Its Shanghai shares rose 3.9 percent to 6.88 yuan. The
mainland stock has risen 3.9 percent since it began
trading in December, compared with the benchmark CSI 300
Index’s 32-percent decline.
China
Shipping’s container volume rose 29 percent last year to
7.3 million. Volumes on domestic lines gained 61
percent, European shipments rose 7.9 percent and
transpacific shipments rose 14 percent.
New
ships
The
company raised 15.5 billion yuan in its Shanghai stock
sale to expand its fleet as rising demand for Asian-made
goods in
Europe and the
US
boosts shipping volumes.
Higher
rates, fuel hedging and the introduction of larger ships
helped China Shipping mitigate the impact of rising fuel
prices. The company’s cost of service per container fell
7 percent last year even as the price of bunker fuel,
used by ships, rose 71 percent in Singapore trading.

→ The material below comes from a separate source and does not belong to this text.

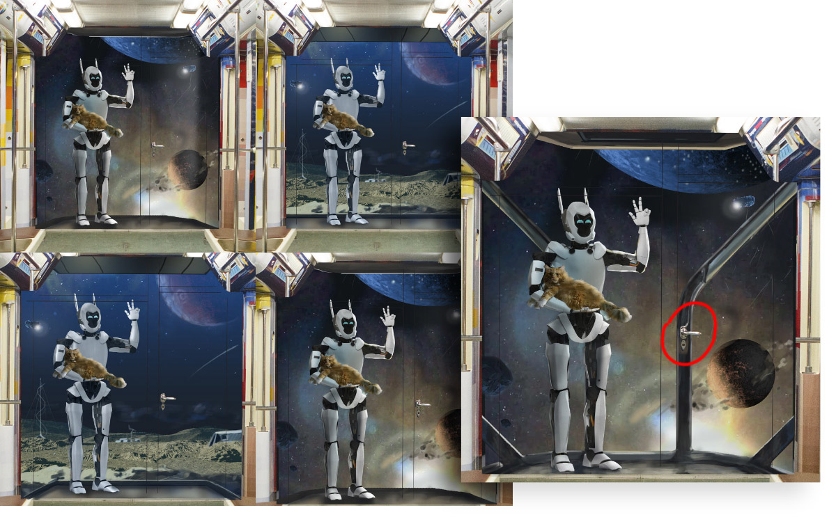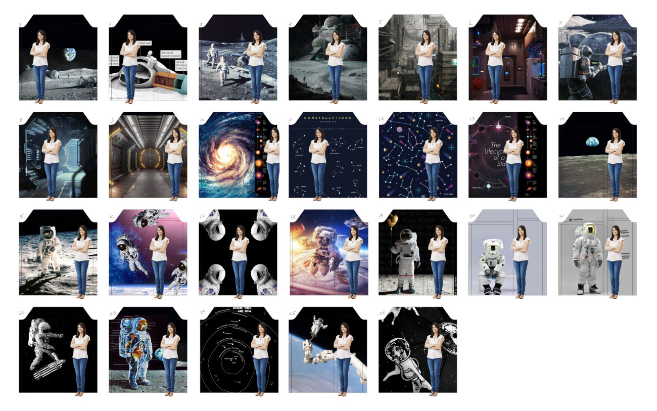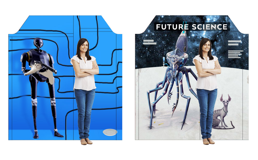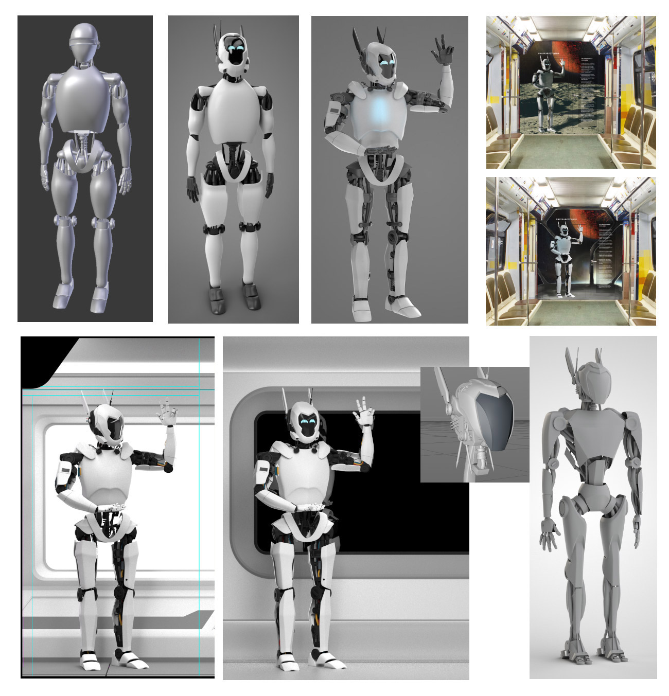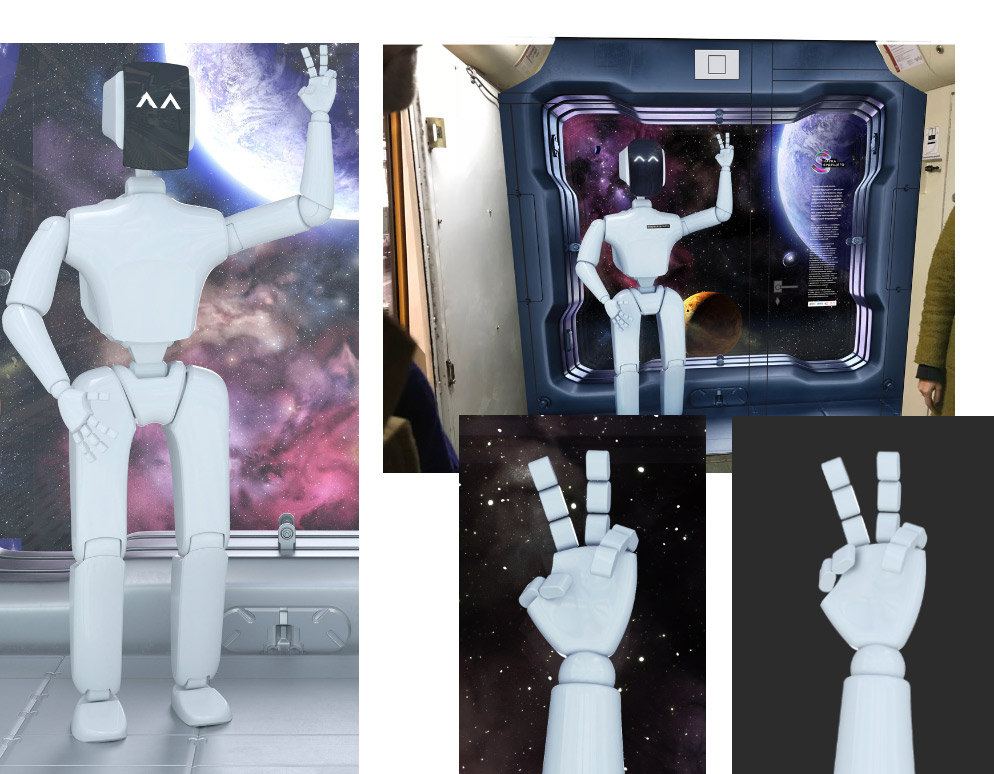 Meanwhile, the work on selfie spots is under way. The client really wants there to be a no-name robot (to avoid any copyright issues). Deciding to combine it with the space theme and use in the two end cars: Humans and Machines and Space.

Fuel accounted for 22 percent of operating costs in
2007, little changed from a year earlier.
The
company’s fleet capacity rose 12 percent last year, as
it added more ships. Larger ships, able to carry 4,000
cargo boxes or more, accounted for 82 percent of
capacity.
The
company proposed a final dividend of 0.04 yuan a share,
unchanged from a year earlier.
China
Cosco is scheduled to report earnings on April 23.